The Finance Ministry has reportedly expressed its inability to releases Rs 57 billion for import of furnace oil after the total subsidy for the power sector exceeded Rs 267 billion during the first nine months of the current fiscal year against a total revised subsidy allocation of Rs 291 total for the current fiscal year.
Sources in the Ministry said that a number of meetings had been held on the issue with senior officials of Water and Power and Petroleum Ministries and fiscal constraints faced by the Ministry of Finance had been communicated to them. A senior official said that the Finance Ministry had not received any directives in this regard.
However, he added that a briefing was given to the caretaker Prime Minister by the Ministry of Water and Power with respect to power situation and financial problems faced by the sector. Sources in the Finance Ministry said that the power sector had been asked to improve recoveries because almost all the amount earmarked in the revised budget for power sector had already been used up and there was no fiscal space other than printing notes which would have serious repercussions on budget deficit.
As much as Rs 185 billion had been earmarked in the budget for the power sector for the current fiscal year which was revised upward to Rs 291 billion. So far, the Finance Ministry has released Rs 267 billion to the power sector and there is still three very critical months to go. Sources in the Ministry of Petroleum and Natural Resources also confirmed that the Finance Ministry had formally expressed its inability to provide additional funds to rescue Pakistan State Oil (PSO) from default. If the PSO failed to pay Rs 11 billion on account of letters of credit (L/Cs) payments to international fuel suppliers, it might be forced to default, they added.
To settle the financial woes of cash strapped PSO, a meeting was held at the Finance Ministry, which was attended by Secretary Finance, Secretary Petroleum, Secretary Water and Power, Managing Director Water and Power Development Authority (Wapda), Managing Director PSO and other relevant officials. "The meeting did not reach a conclusion. If the government does not provide us a letter of comfort, an international default of PSO is sure," sources maintained. "At present, we have only 60,000 tons of furnace oil in stock, sufficient for just five days as PSO is currently supplying 12,000 tons of furnace oil daily to power sector. It is unclear what will happen after five days," an official of PSO said on the condition of anonymity.
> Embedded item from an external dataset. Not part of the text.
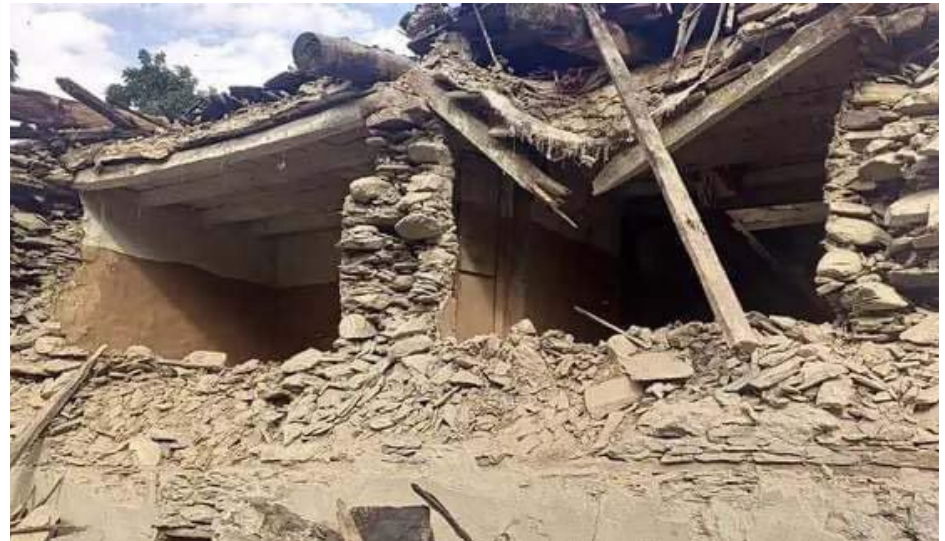
One of our students supplied this photo of the devastation in Nepal following the recent earthquake.

Information from: Kaiņš, Guntis. The Passport of Latvia . 2 nd Ed. Bārbala Simšone (trans.). Rīga, Latvia: Apgāds Zvaigzne ABC, 2019.

The PSO was assured by the Pakistan Electric Power Company Limited (Pepco) that it would be provided Rs 11 billion from collection of electricity bills, but it received only Rs 6.5 billion, the official added. The Ministry of Water and Power wants 16,000 tons of furnace oil supply to power houses on a daily basis to keep the power cuts at the current level, but was unable to arrange the funds for this purpose. "We will witness a serious power crisis in upcoming months of May, June, July and August. PSO is definitely on the verge of international default and if it defaults the country would face serious fuel crisis as well as power crisis," said the official.
The meeting was informed that up to March 31 this year, the Water and Power Development Authority (Wapda) collected only Rs 38 billion on account of electricity bills. The power sector is a leading defaulter of PSO with an estimated amount of Rs 133 billion of which Rs 48.79 billion is owed by Wapda, Rs 56.68 by Hub Power Company (HUBCO), Rs 11.10 billion by Kot Adu Power Company (Kapco), Rs 11.02 billion by Karachi Electricity Supply Corporation (KESC) and Rs 1.15 billion by Independent Power Plants (IPPs) and Rs 4 billion.
Moreover PSO's outstanding dues against National Transmission and Dispatch Company (NTDC) and KESC on account of price differential under GLMP stand at Rs 4 billion. PSO has to pay over Rs 103.48 billion to international fuel suppliers as well as local refineries. On Letters of Credit (L/C) payments, it has to pay Rs 68.3 billion to Kuwait Petroleum Company (KPC) and other international fuel suppliers.